» **Data records**

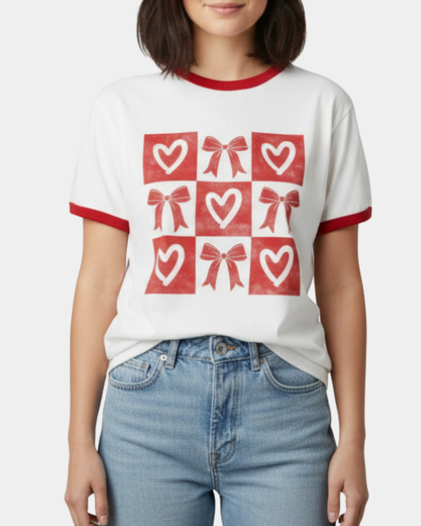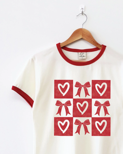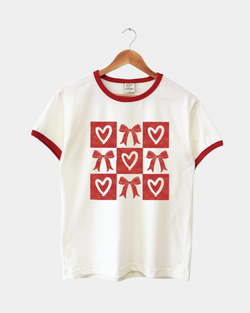 Sprinkle some joy into your closet with this delightful bow and heart grid tee. Featuring Oat Collective's signature main label design, this playful ringer shirt pairs comfort with personality in a natural and red colorway that works with everything.
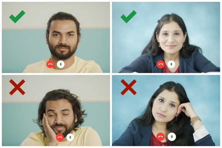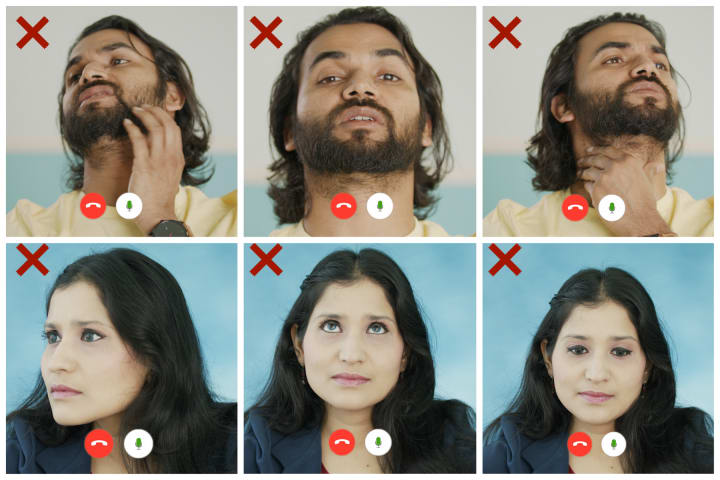3) Eye gaze: Look toward the camera as much as possible. Looking in a different direction can feel extremely disconnected, without you even realizing. This is common when you are using a video calling gadget such as Portal on the side while you have a laptop or desktop in front of you. It’s easy to forget that participants could be talking to your side-profile.
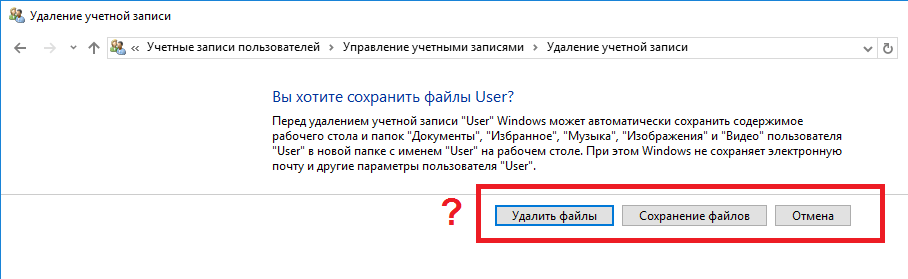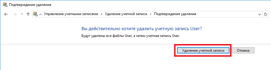 Данный способ тоже применяется в тех случаях, когда вам нужно полностью избавиться от учётной записи и данных, на ней хранящихся. Следует понимать, что в случае удаления таким способом могут пострадать файлы, хранящиеся в папках «Рабочий стол», «Документы», «Избранное», «Музыка», «Видео» и «Изображения».
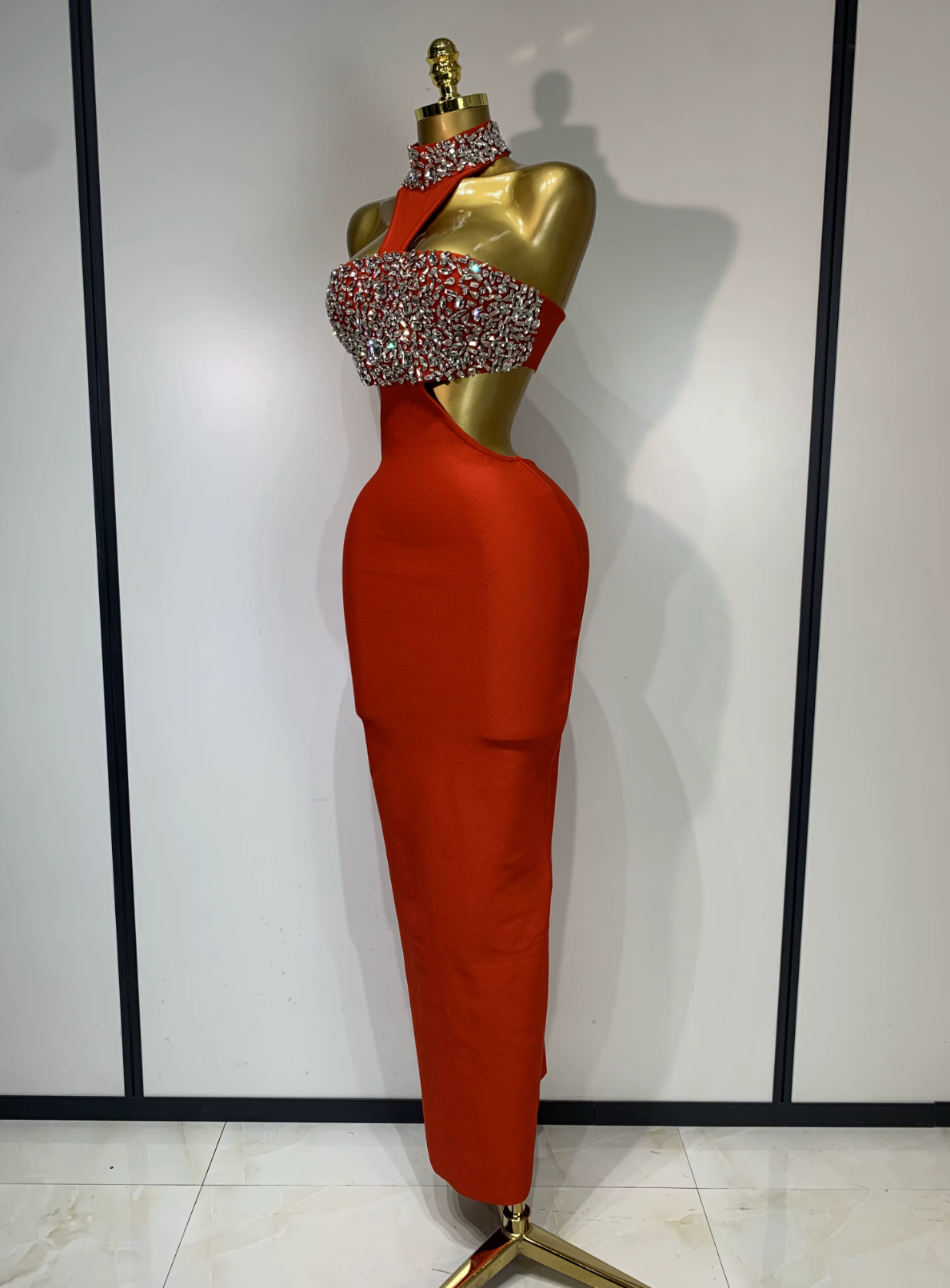 The rhinestone detailing catches the light beautifully while the elongated design creates a statuesque, refined look. Perfect for formal events, galas, evening celebrations, and upscale occasions, this red carpet inspired maxi gown is made for women who want to look powerful and polished.
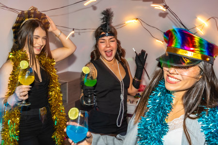 Young women friends celebrating new year's eve or a costume party indoors, laughing and dancing while holding colorful cocktails, surrounded by festive decorations and lights
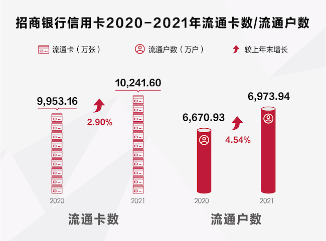 據(jù)財(cái)報(bào),截至2021年底,招行信用卡流通卡量10241.6萬張,較上年末增長2.9%,首次突破1億張;流通戶數(shù)6973.94萬戶,較上年末增長4.54%。招行信用卡流通卡量、流通戶數(shù)在高位穩(wěn)步增長,與其從客戶視角出發(fā)推動(dòng)產(chǎn)品升級(jí),完善豐富的產(chǎn)品矩陣不無關(guān)系。

» **Prompt**
In the answer, set down only the lines from the opening line of the listing through the line that holds "3) Eye gaze: Look", exactly as they appear, minus the pictures.

» **Problem solution**
 Sprinkle some joy into your closet with this delightful bow and heart grid tee. Featuring Oat Collective's signature main label design, this playful ringer shirt pairs comfort with personality in a natural and red colorway that works with everything.
3) Eye gaze: Look toward the camera as much as possible. Looking in a different direction can feel extremely disconnected, without you even realizing. This is common when you are using a video calling gadget such as Portal on the side while you have a laptop or desktop in front of you. It’s easy to forget that participants could be talking to your side-profile.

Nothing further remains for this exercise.